# WHAT YOU SHOULD DO:
Find the line in the entries below that contains "- QUALITY INGREDIENTS: Nature's". Repeat it exactly, and every line after it through the line that contains "泛着石榴红光泽的深红色;饱满".

# RECORDS FOR PROCESSING:
§

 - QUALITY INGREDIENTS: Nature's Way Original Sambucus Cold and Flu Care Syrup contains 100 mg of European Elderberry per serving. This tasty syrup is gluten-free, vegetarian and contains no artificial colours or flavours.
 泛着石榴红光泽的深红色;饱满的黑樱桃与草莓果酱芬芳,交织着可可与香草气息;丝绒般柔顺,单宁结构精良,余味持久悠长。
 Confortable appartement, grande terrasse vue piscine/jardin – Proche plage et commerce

§

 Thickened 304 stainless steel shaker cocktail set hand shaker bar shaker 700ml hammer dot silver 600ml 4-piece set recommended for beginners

§

# SOLUTION FOR THIS TASK:
 - QUALITY INGREDIENTS: Nature's Way Original Sambucus Cold and Flu Care Syrup contains 100 mg of European Elderberry per serving. This tasty syrup is gluten-free, vegetarian and contains no artificial colours or flavours.
 泛着石榴红光泽的深红色;饱满的黑樱桃与草莓果酱芬芳,交织着可可与香草气息;丝绒般柔顺,单宁结构精良,余味持久悠长。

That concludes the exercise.